Editors’ note: Once a month, the Rental Rehab gals like to take a break and watch a movie that doesn’t make them want to stab their eyes out. That’s when they hand off their duties to a guest columnist. This month’s review/film accompaniment drinking game was penned by the illustrious Troy Reimink, a delightfully snarky Michigan writer and musician with excellent taste in God-awful films.
During a brief but memorable period in the mid-2000s, the CBS network aired a handful of wildlife-related, disaster-formatted, made-for-TV movies that were notable both for the ineptitude of their production and the unpretentious, all-business manner in which they were named. Later examples included Vampire Bats and Locusts, but the bumbling, D-grade patriarch of this minigenre is no doubt the hysterical Spring Break Shark Attack (2005).
The plot of this movie can accurately be determined through careful consideration of its title.
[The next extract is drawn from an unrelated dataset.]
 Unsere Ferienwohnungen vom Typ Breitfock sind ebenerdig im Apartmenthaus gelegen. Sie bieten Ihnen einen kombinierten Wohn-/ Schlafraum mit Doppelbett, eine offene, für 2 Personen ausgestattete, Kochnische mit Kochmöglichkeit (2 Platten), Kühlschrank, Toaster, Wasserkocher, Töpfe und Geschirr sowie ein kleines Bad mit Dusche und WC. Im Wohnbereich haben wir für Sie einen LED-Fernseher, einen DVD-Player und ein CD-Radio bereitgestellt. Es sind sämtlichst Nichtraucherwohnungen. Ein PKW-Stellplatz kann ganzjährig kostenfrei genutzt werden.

It is Spring Break, that magical time in college-aged life during which shots of rum are consumed off your body then often subsequently vomited into your mouth.
At the outset, a group of blandly attractive kids gathers somewhere tropical and go about reinforcing negative stereotypes associated with their demographic. Complicating the satisfaction of these students’ various sexual and chemical appetites, however, is the arrival of sharks, who have appetites of their own. You know where this is going.
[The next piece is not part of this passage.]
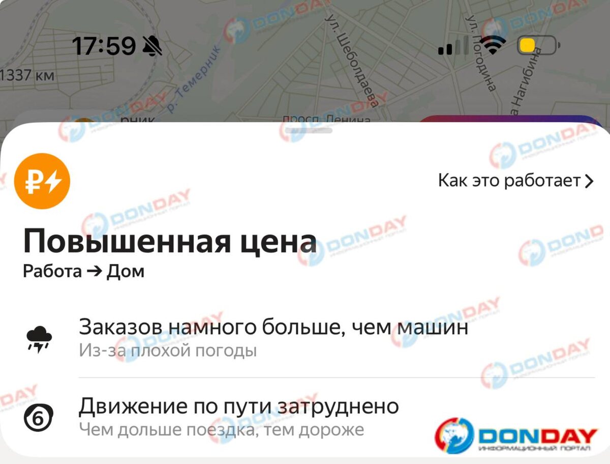 Как вам такое? 😡 Службы такси взвинтили цены на свои услуги. В обосновании цены агрегатор пишет, что временно стоимость поездки увеличена из-за непогоды. То, что во время непогоды цены взлетают, это мы привыкли. Но как службы такси могут повышать цены, если непогоды нет? Ни дождя, ни даже намека на осадки в центре Ростова 😤 А сколько у вас стоит такси сейчас? И идет ли у вас в районе дождь?
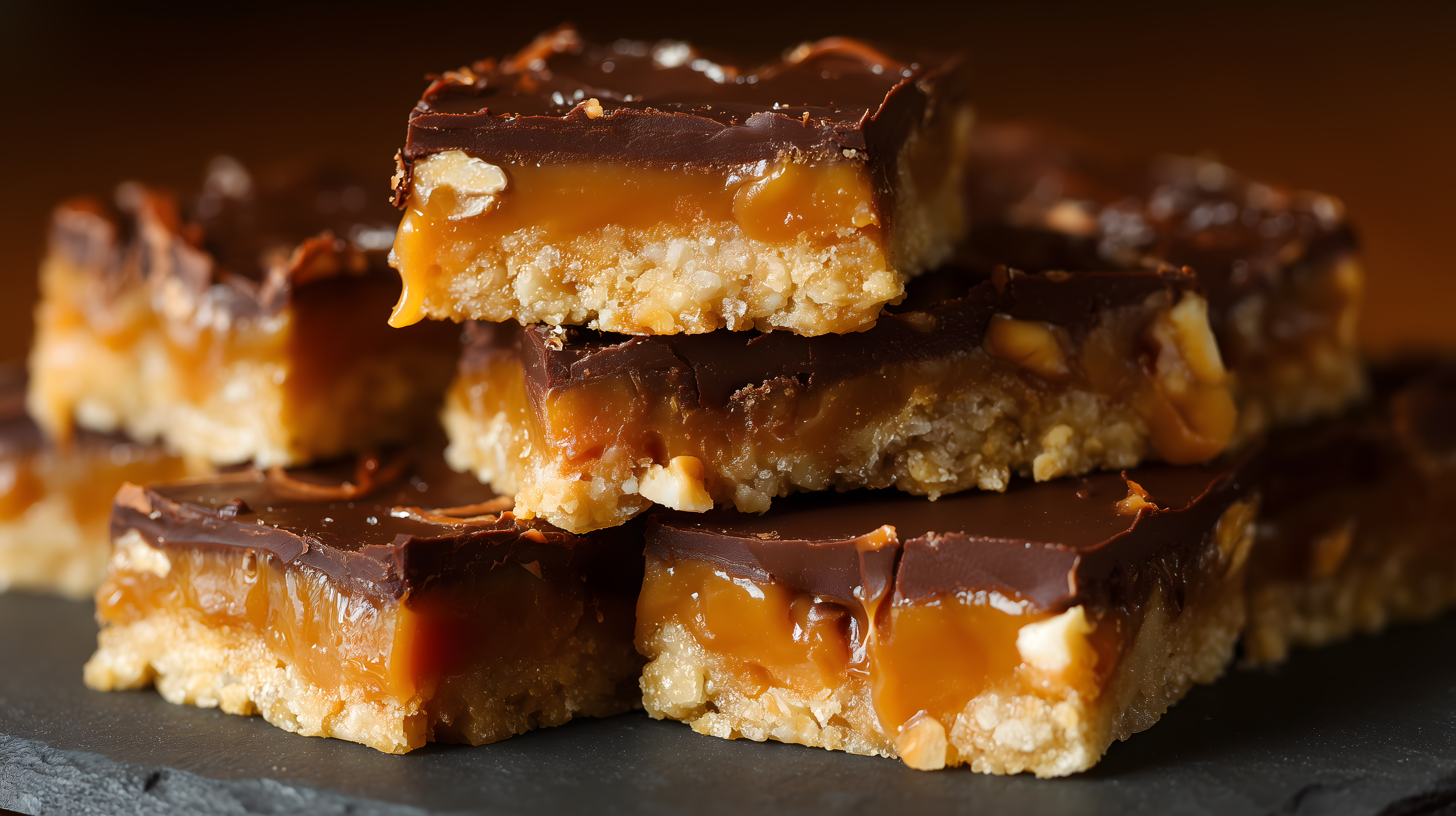 Dieses appetitliche Foto zeigt einen Stapel von leckeren Karamell-Schokoriegel mit einem knusprigen, goldbraunen Boden. Der Fokus liegt auf den reich verzierten Riegeln, die in kräftigen Braun- und Orangetönen schimmern. Die Textur der Oberfläche verspricht eine köstliche, cremige Füllung, die sich perfekt mit der knusprigen Kruste kombiniert. Dieses Stockfoto eignet sich hervorragend für den Einsatz in Rezeptbüchern, Dessertblogs, Social-Media-Posts oder Werbematerialien für Süßwaren und Snacks. Das hochauflösende Bild ist unter einer Creative-Commons-Lizenz frei verwendbar.

It’s all a hoot, but if you want to take the movie from simple bad-cinema amusement to somewhere transcendent, there’s one thing you need — a vast supply of alcohol. Trust me on this. In that spirit, crack the first of several cold ones, pop Spring Break Shark Attack into the DVD player and join Rental Rehab as we slosh our way through the soon-to-be-standard SBSA Drinking Game.
- Every time a widely known fact is needlessly explained (“Chum is a mixture of fish parts and blood.” “Sharks are attracted to blood.”), take a drink.
- Every time predatory sexual behavior is equated with shark attacks, take a drink. A typically unsubtle example of this lazy-writer/director-shorthand would be the token date rapist’s decision to wear a shark-tooth necklace whenever he commences with the datin’ and the rapin’.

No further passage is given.